相手は会社の上司だという。妻も子供もいる。Cが1人、夢を追いかけながら派遣の仕事で食いつないでいたところを、すくいあげてくれた小さな会社の上司。今まで誰にも話していなかったらしい。やっとの思いで私に話してくれただろうに、こんなところで文章にしてごめん、C。

どうしてそうなったかという話を聞いたところで、私は「やめなよ」とも「その上司、サイテー」とも言うことができなかった。どうもなしくずしで、Cも特別その上司のことを好きと思っているわけでもなさそうだったが、仕事をふってもらっている上司と一度そういう関係になってしまって、もうどうやって関係を断ち切ったらいいのかわからない様子だった。

 

Cは今までろくな恋愛をしてこなかった。バンドマンと付き合っていた時期も不幸そうだったし、デザイナーとつきあっていた時期の話も聞いたことがあるが、あまり幸せそうではなかった。

そんなときに出会った年上の男が、何を言っても何をしても自分のことをかわいいと言ってくれるんだと、言いながらCは浮かんでくる涙をごしごしこすっていた。

 

うっかり私は、いろいろと考えを巡らした結果、ほんとうはいいと思えなかったけど「今は、とりあえずいいんじゃない」と言ってしまった。Cは「うん、私の友達はもしこのことを言ったらみんなそんなふうに言う気がする」とつぶやいた。私の苛烈な性格に期待して、本当は怒って欲しかったのかもしれないな、とも思った。

 

前に友人間の不倫問題に巻き込まれる形になった時も思ったけど、不倫をしている、未婚の女というものはなんだかげっそりとして、恋をしているのに全然幸せそうではない。Cももれなくそういう雰囲気をまとっていたけれど、それを教えることはできなかった。本人が1番苦しんでいるところにムチを浴びせることが、本当に友達がすべきことかわからなかった。
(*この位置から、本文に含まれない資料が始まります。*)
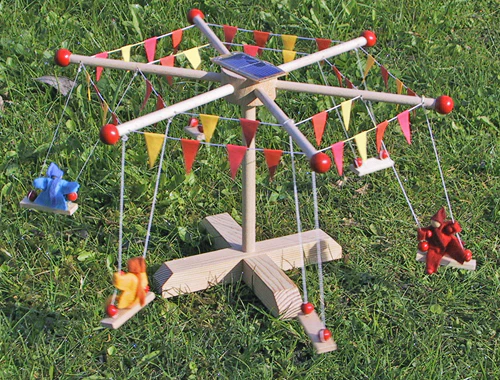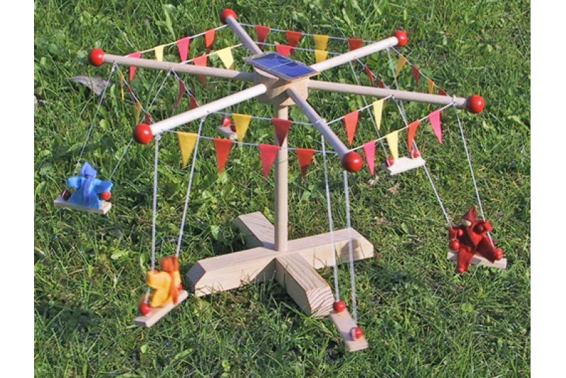 La luz del sol alimenta el Sun Carousel, nuestro kit con 3 muñecos. Una célula solar suministra electricidad a un pequeño motor. Al sol o a la luz de una bombilla o de un foco halógeno, el carrusel comienza a girar.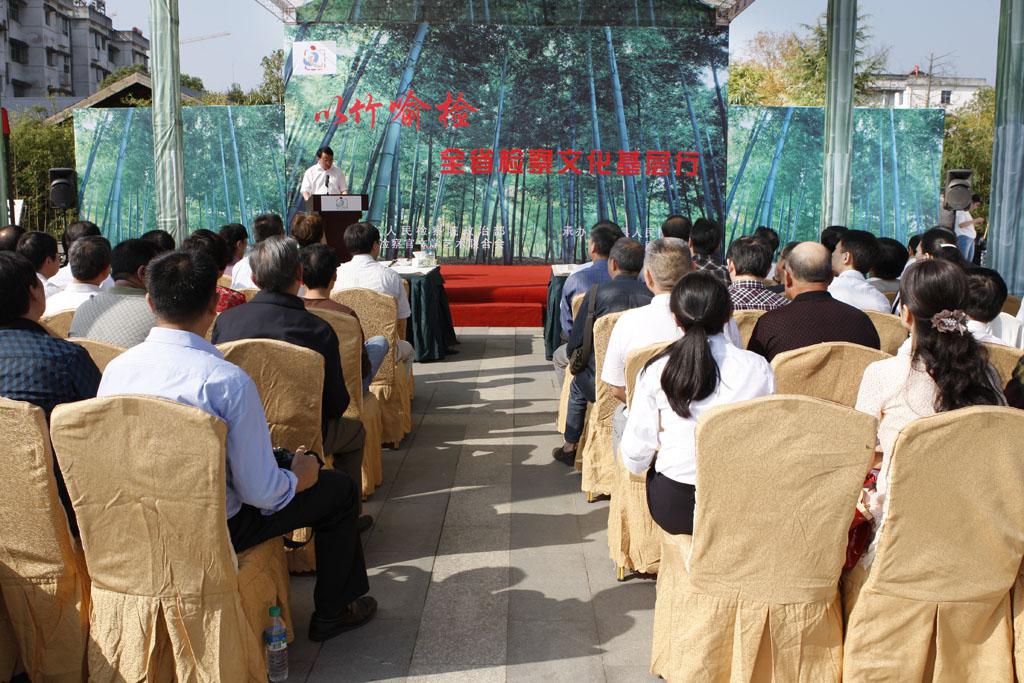2013年10月10日,省院政治部、省检察官文联在宜春举办“以竹喻检”全省检察文化基层行活动。上午在铜鼓进行,与会人员参观了全省takse69 “以竹喻检”书画摄影作品展,尔后开展了获奖作者艺术访谈和特邀八位省内文化艺术界名家现场表演。下午在宜丰进行,与会人员在竹文化馆进行现场采风后,与会领导为全省takse69 “以竹喻检”书画摄影作品征集评选活动获奖代表进行了颁奖,并向宜春市院、铜鼓县院和宜丰县院赠送了文化作品。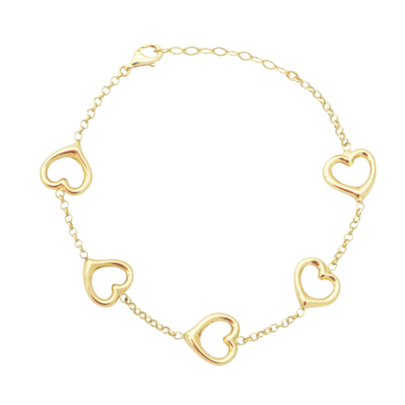 Open Puffed Heart x5 Station Link 7″ Bracelet 10KT/12MM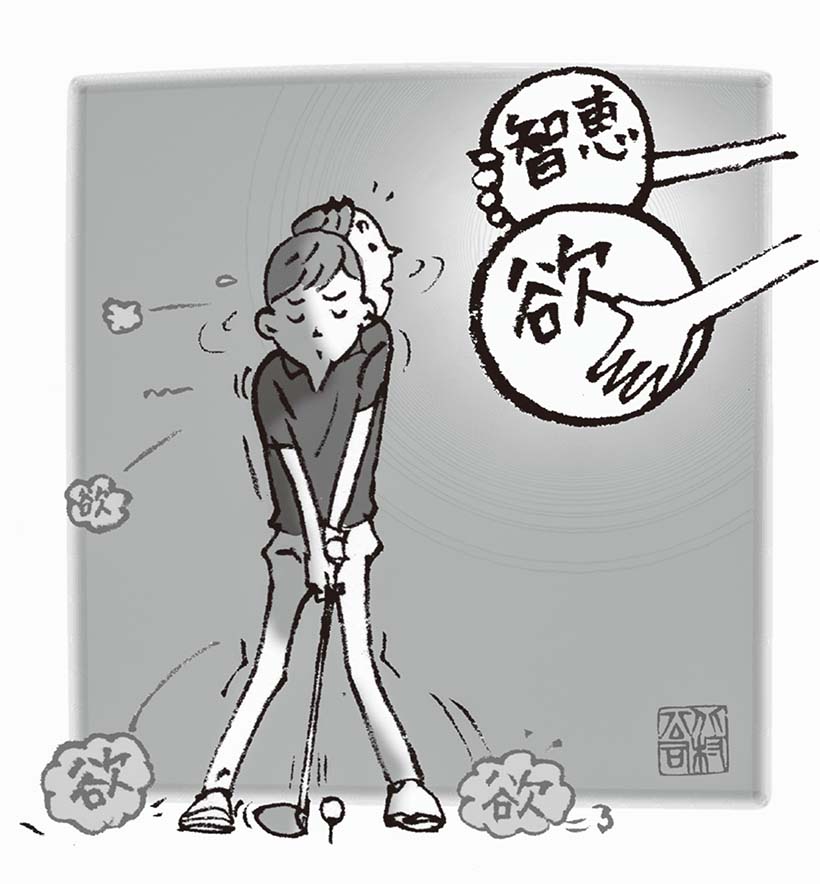 欲を得るためにどうするかというと、自分の知恵を働かせるのです。要は考え方であって、ゴルフに当てはめればドライバーで飛ばしたいときにマン振りするといった知恵のない方法で欲を手に入れようとしても成果につながりにくい。もっと軽く打つとか、芯に当てやすくするためにクラブを短く持つとか、知恵を使うことで飛ばしたい欲を満たそうという思考を持ってはいかがでしょうか。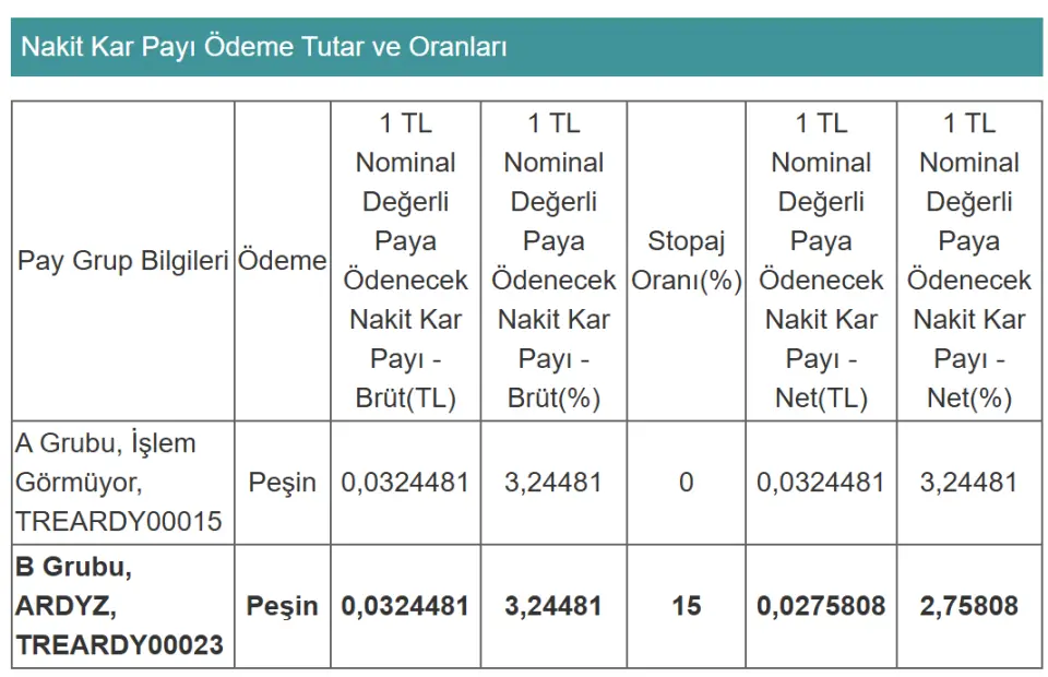 17-21 Kasım tarihleri arasında yatırımcılarına kar payı ödemesi yapacak şirketler belli oldu. Yatırımcılarına temettü ödemesi yapacak iki adet şirket bulunuyor. Bunlar şu şekilde:17 Kasım Pazartesi günü ARD GRUP BİLİŞİM TEKNOLOJİLERİ A.Ş. şirketi temettü ödemesi yapacak. Şirket yatırımcılarına 1 TL nominal değerli paya ödeyeceği nakit kar payı tutarını 0,0324481 TL olarak belirlemiş. Bu tutar brüt %3,24'lük bir temettü olarak ortaya çıkıyor. A grubu paylara ödenecek brüt ve net kar payı miktarı aynı olurken, B grubu paylarında brüt 0,0324481 TL olan temettü, net olarak 0,0275808 TL ödenecek.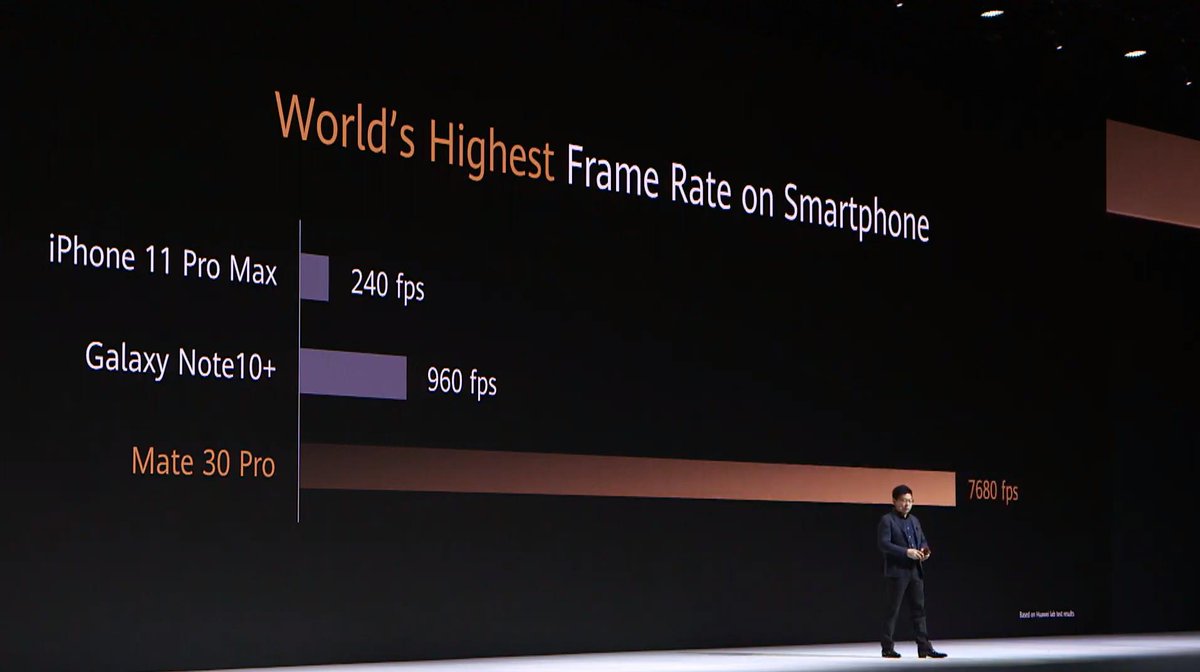 مقارنة الـ Frame Rate مع باقي المنافسين، الميت 30 برو يحمل كاميرا مع 7680 فريم، والمقارنة مع احد الاجهزة

しばらくは不倫関係が続く形になるだろうと思う、どうしても。

 

不倫について、私は今完全に他人事だし、今後もできるかぎり他人事でありたいと思っているけど、自分に自信が持てない時に受け入れてくれる男性がいたら、既婚者だったとしても関係をもってしまう可能性がいつでもあると思っている。

でもそれは、本当に受け入れてくれているわけではないんだと思う。相手に守る家族がある限り、女は家族の敵になってしまう。それをよしとして自分の欲望を満たす男がいることを、忘れないようにしたい。